I decided to go to one of Mark Shorrock’s periodic public presentations and was shocked to find out that he plans to build lagoons all around Wales and the rest of the UK, his patter being that, as the tides are out of phase around the British Isles, the generators will be out of phase with each other, giving constant baseline generation, all of which sounds very plausible until you come to look at the facts. Again I do not have the space to go into detail, but would refer you to Swansea Bay Tidal Lagoon and Baseload Generation in the UK by Euan Mearns for chapter and verse.

He built a model based on the seven lagoons using the tides at Workingham, Heysham, Llandudno, Mumbles, Hinkley Point, Newhaven and Immingham which are spread along the British coast in areas with the highest tides, and shows four periods of zero production each day. The vital statistics for Swansea peddled to the government were 320 MW capacity, 530 GWh per year at a cost of £1.3 billion.

In reality. the mean output is 60MW and a lot of the time the output is zero, so paying £1.3 billion is a very expensive way to generate electricity and all the lagoons will need dredging.

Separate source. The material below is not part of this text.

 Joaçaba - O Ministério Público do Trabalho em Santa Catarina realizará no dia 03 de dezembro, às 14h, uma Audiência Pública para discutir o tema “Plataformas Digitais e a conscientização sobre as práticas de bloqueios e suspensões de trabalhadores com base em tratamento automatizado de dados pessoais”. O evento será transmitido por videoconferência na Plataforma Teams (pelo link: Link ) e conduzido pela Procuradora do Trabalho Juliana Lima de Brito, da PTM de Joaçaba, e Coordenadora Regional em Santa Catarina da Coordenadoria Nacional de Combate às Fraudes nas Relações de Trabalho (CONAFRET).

If and when you have a series of lagoons in place, the magic number is three hours difference between the tides at the various lagoons, six hours is a passport to bankruptcy, as rather than smoothing out the intermittency, it amplifies it.

Comparing the Swansea Bay Tidal Lagoon to Hinkley Point Nuclear Power Station, the actual output of Swansea is 60MW, Hinkley is 2720 MW at a cost of £18 billion, which results in £6.6 million per MW, which is insanely expensive, but Swansea is supposed to cost £1.3 billion, which results in a cost of £21.7 million per MW which not only is considerably worse, but is also intermittent, so will have to be supplemented from the grid.

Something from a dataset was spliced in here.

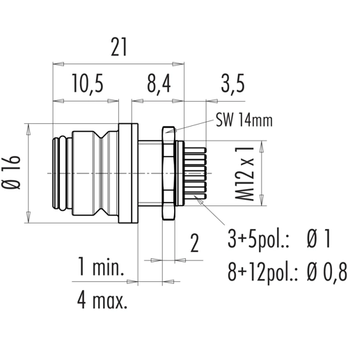 Snap-In IP67 (Miniatur) Flanschdose, Polzahl: 5, ungeschirmt, THT, IP67.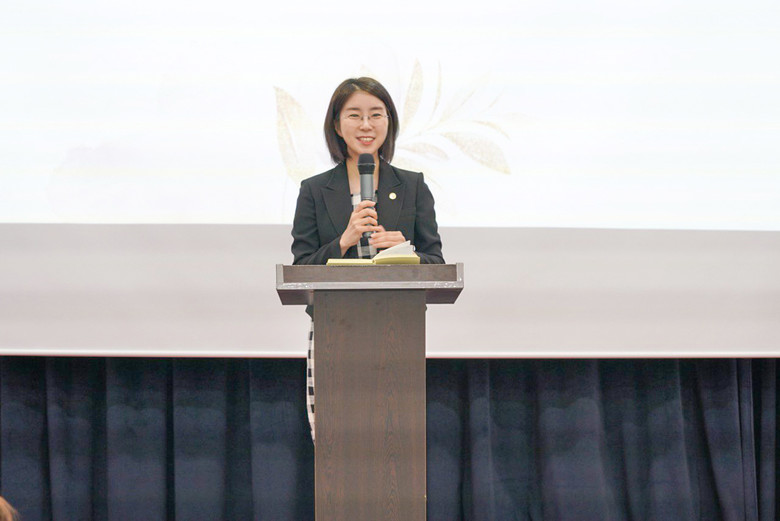 | ▲ ㈔세계여성평화그룹(IWPG) 전나영 신임 대표가 1일 서울 스페이스쉐어 서울중부센터에서 열린 대표이사 이·취임식에서 취임사를 하고 있다. [사진제공=IWPG] |

Shorrock does not have an environmental impact assessment or marine licence for either the Manacles or Swansea Bay. Again here I draw the reader’s attention to Pontardawe and Swansea Angling Society — Tidal Lagoon proposed for Swansea Bay.

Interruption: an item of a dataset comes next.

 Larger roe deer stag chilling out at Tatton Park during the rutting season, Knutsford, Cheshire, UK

The anglers’ concerns are massive unnatural flows in Swansea Bay interfering with normal migration routes and behaviour, fish being drawn into the turbines and killed, fish being drawn through the turbines into the impound and trapped, fish being driven away from the area by unfavourable conditions etc — and justifiably so. The turbines will be 7m in diameter rotating at about 60rpm which equates to three blades a second.

I recently read the book Sustainable Energy — without the hot air by Professor David MacKay. One method of power generation which ticks all the boxes is Solar Parabolic Mirrors planted in deserts.

The obvious country for the UK to work with is Libya, but what have we done, Blair, the French and the Yanks? We brought Gadaffi in from the cold, then under instructions from the US, we bombed the country to smithereens and reduced it to anarchy.

Who benefits from this? The US oil companies. Another option of course would have been Syria — same story again. We need decisive action now at home and abroad to break the links with polluting energy but not fall for seemingly easy options like the Swansea Bay tidal lagoon that are bad investments and bad for our local environment.

John Cutcliffe is the general secretary An Kesunyans Kernow.